The inhibitory activities, expressed as IC50 (μM/L) indices, of compounds 1, 3, 15, 16, 17, (±)-18 and the corresponding enantiomers 18a and 18b, 19, 20, and 21, on the viability of non-small lung cancer H460 cells and breast cancer MCF-7 cells, were determined spectrophotometrically with the colorimetric MTT [3-(4,5-dimethylthiazol-2-yl)-2,5-diphenyltetrazolium bromide] assay [19]. The test was based on the conversion of pale-yellow MTT to deep purple MTT-formazan by mitochondrial enzymes of viable cells: thus, the darker the solution, the greater the number of viable, metabolically active cells.

2.26.1. Cell Cultures

H460 and MCF-7 cells were purchased from ATCC (Manassas, VA, USA) and were cultured in the dark in RPMI-1640 medium (Hyclone; Thermo Fisher Scientific, Rockford, IL, USA) containing 10% FBS (phosphate-buffered saline), 100 U/mL penicillin and 100 µg/mL streptomycin at 37 °C under a humid atmosphere of 95% air and 5% CO2.

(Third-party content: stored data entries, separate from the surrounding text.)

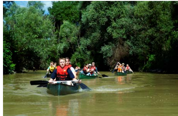
Kanufahrt auf der Raab

Der Startschuss erfolgte in der St. Martins Therme & Lodge, die selbst höchst erfolgreich ganzjährig geführte „Safaris“ anbietet. Neun über das ganze Land verteilte „Base-Camps“ waren Treff- und Ausgangspunkte für die 48 Naturerlebnisse. Großer Hit: Die Kanutouren, die allesamt ausgebucht waren und vor allem beim jungen Publikum regen Zuspruch fanden.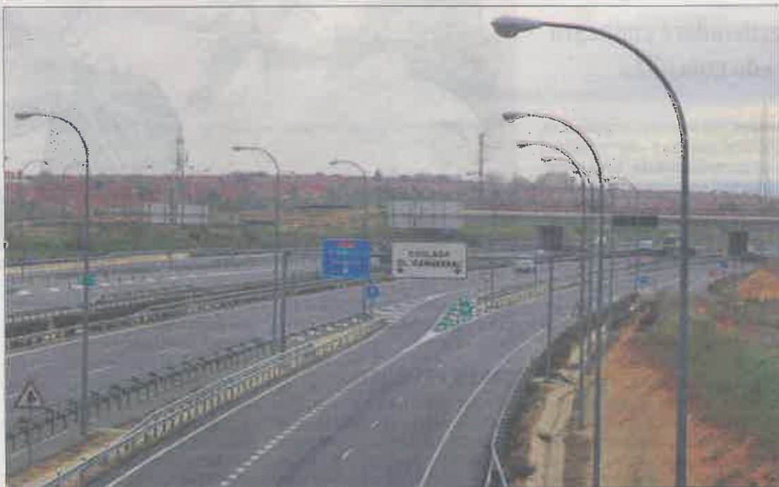
Acceso a la carretera M-45 a la altura de Coslada. PACO TOLEDO

El método en sí consiste en que la Administración adjudica a los privados la ejecución de una infraestructura y luego se le compensa mediante un canon fijo o una cifra que se estime por el uso que se dé por los usuarios. Esperanza Aguirre utilizó un método similar para construir los seis hospitales de su mandato.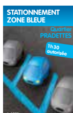
Stationnement zone bleue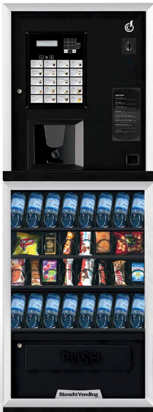
LEI300 SMART + ARIA S SLAVE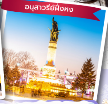
อนุสาวรีย์พิงหง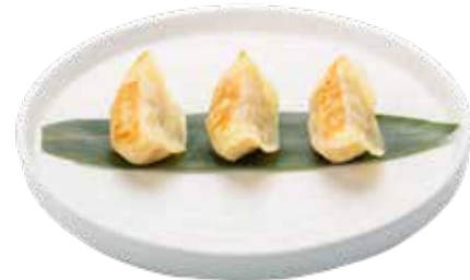
33 · GYOZA DE LANGOSTINOS AL GRILL Empanadilla japonesa de langostinos y verduras a la plancha alergènos: 1-2-6-9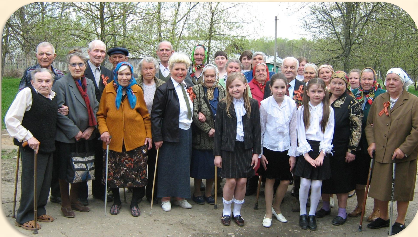
Мои односельчане. Участники и ветераны ВОВ, труженики тыла, ветераны труда.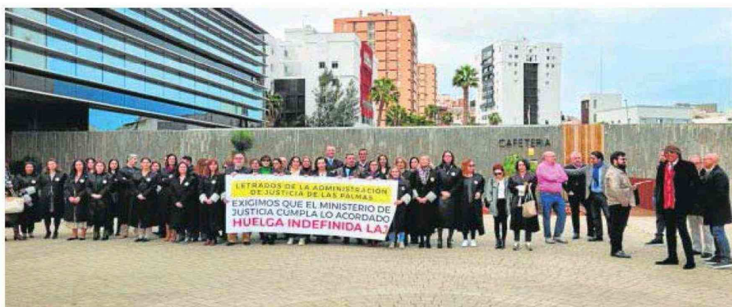
En la imagen, la concentración de los letrados que tuvo lugar este miércoles en la Ciudad de la Justicia. c7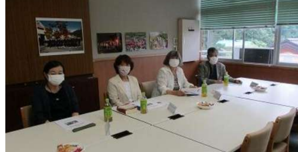
足尾中学校 学校評議員会・地域教育協議会の皆様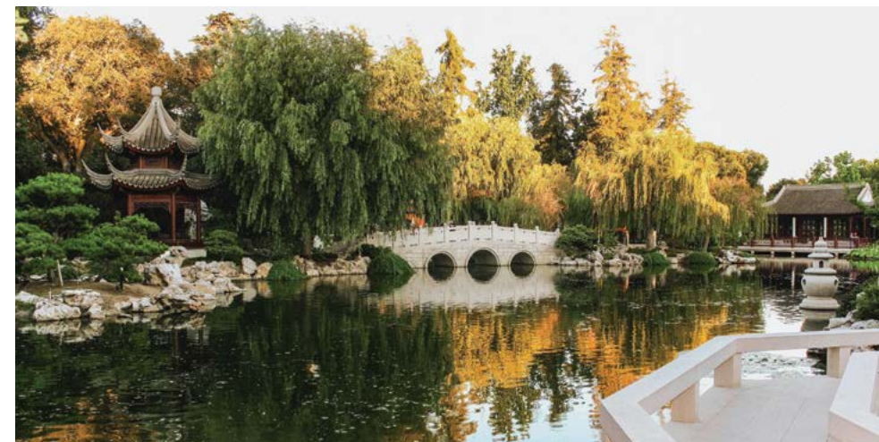
Từ cây cầu Ngự Nhạc Kiều có thể nhìn thấy khung cảnh của Ánh Phương Hồ và nhiều khu vực xung quanh vườn và hình ảnh cây cầu được phản chiếu trên mặt hồ.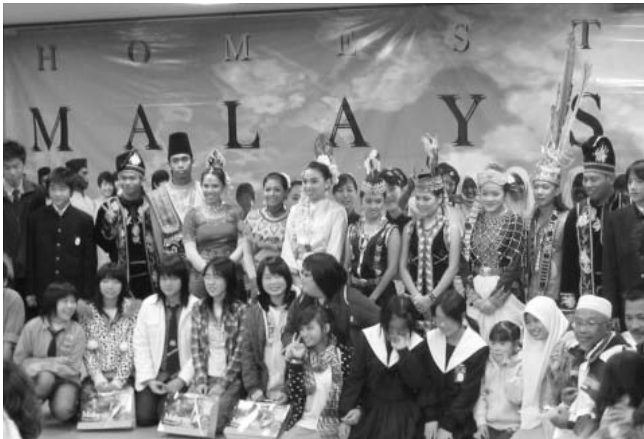
希望の家でホスト、ゲスト、ダンサーたちが一緒になって記念撮影

点灯式が行われた日の夕方は、とても寒くなりましたが、ダンサーたちは、常夏のマレーシアの衣装で(裸同然の人も)最後まで頑張って踊り、記念撮影にも笑顔を振りまいてくれました。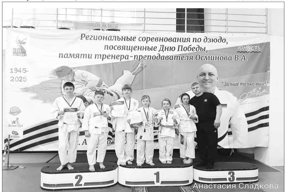
Праздник силы, ловкости и спортивного духа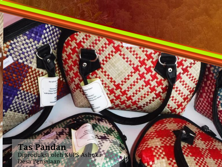
Tas Pandan Diproduksi oleh KUPS Ashoka Desa Penjajalan.

Hutan desa adalah hutan negara yang dikelola oleh desa dan dimanfaatkan untuk kepentingan desa. Dengan program hutan desa ini masyarakat sekitar kawasan hutan menjadi merasa memiliki dan turut serta menjaga kawasan hutan termasuk ekosistem di dalamnya. Pemanfaatan Hasil Hutan Bukan Kayu (HHBK) di dalam dan di luar kawasan hutan desa diberikan kepada Kelompok Usaha Perhutanan Sosial (KUPS) atas binaan Lembaga Pengelola Hutan Desa (LPHD). Saat ini terdapat 5 LPHD dan 18 KUPS yang di Bina oleh Yayasan Palung.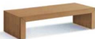
articolo 69 tavolino rettangolare basso. small rectangular coffee table. cm. l. 126 p. 55 h. 25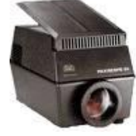
الجهاز المعتم او الفانوس السحري السلادات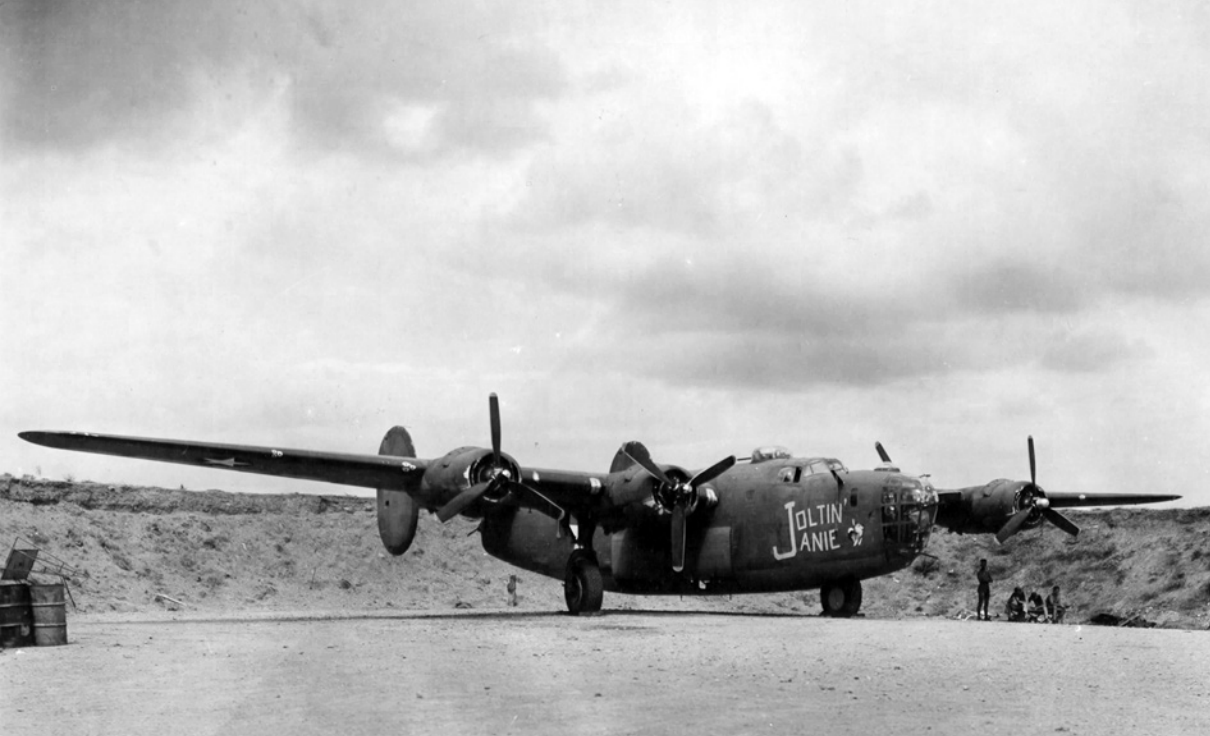
Consolidated B-24D Liberator (s/n 42-40065) pojmenovaný Joltin' Janie od 403. perutě 43. bombardovací skupiny na Nové Guineji v červnu 1943.

na bázi B-24D, J, L nebo M. Jejich počty v hodnotě stovek strojů jsou zahrnuty v níže uvedeném přehledu letounů sériové výroby: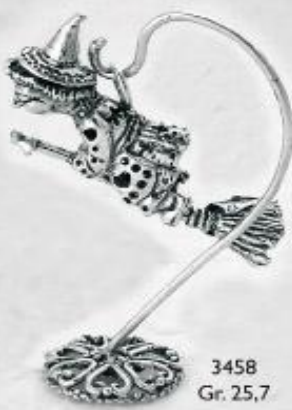
3458 Gr. 25,7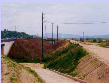
河川との連続性が途絶えている

2.26.2. Cell Viability Test

Cells were harvested during the exponential phase of growth, seeded in quadruplicate at about 5 × 103 cells/well in 96-well plates, and incubated overnight. Each tested sample (100 mL/well) was prepared in dimethyl sulfoxide (DMSO) and subsequently diluted with the RPMI-1640 medium prior to use in a range of serial concentrations from 0.1 to 50 µM). The final concentration of DMSO was less than 0.1%. The control group received the same amount of DMSO. Cells were exposed to each tested sample and then incubated for 48 h. Subsequently, the medium was removed, and the cells were washed with PBS; subsequently, 10 mL of a stock MTT solution (5 mg/mL in PBS; Sigma–Aldrich, Milano (MI), Italy) was added to each well, and the cells were incubated for an additional 4 h at 37 °C until intracellular purple formazan was visible under a microscope. Subsequently, the culture medium containing unreacted dye was removed, and the cells were exposed to DMSO (150 µL) and incubated at 37 °C until they lysed and formed purple formazan was completely dissolved. The absorbance (Abs) of the resulting solution was measured at 570 nm using an automated microplate reader (BioTek, Hercules, CA, USA). Each assay was repeated in three separate experiments, and mean absorbance ± SD (standard deviation) was calculated. The percentage cell viability and the percentage inhibition of cell viability were calculated by the equations [(AbssampleAbsblank)/AbscontrolAbsblank)] × 100 and [(AbscontrolAbsblankAbssample)/AbscontrolAbsblank] × 100, respectively, where the control was untreated cells, and the blank was the medium. A sample was considered non-cytotoxic if the cell viability was >70% for all concentrations; instead, if the cell viability was <70% for at least one concentration, the half-maximal inhibitory concentration (IC50, μM/L) index was calculated by probit analysis (p < 0.05, χ2 test), plotting the percentage cell viability versus sample concentration. An IC50 index denotes the concentration of a compound at which 50% of cell viability is inhibited or, as a complement, 50% of cells survive. Commercially available juglone (1) and shikonin (3) were the reference compounds.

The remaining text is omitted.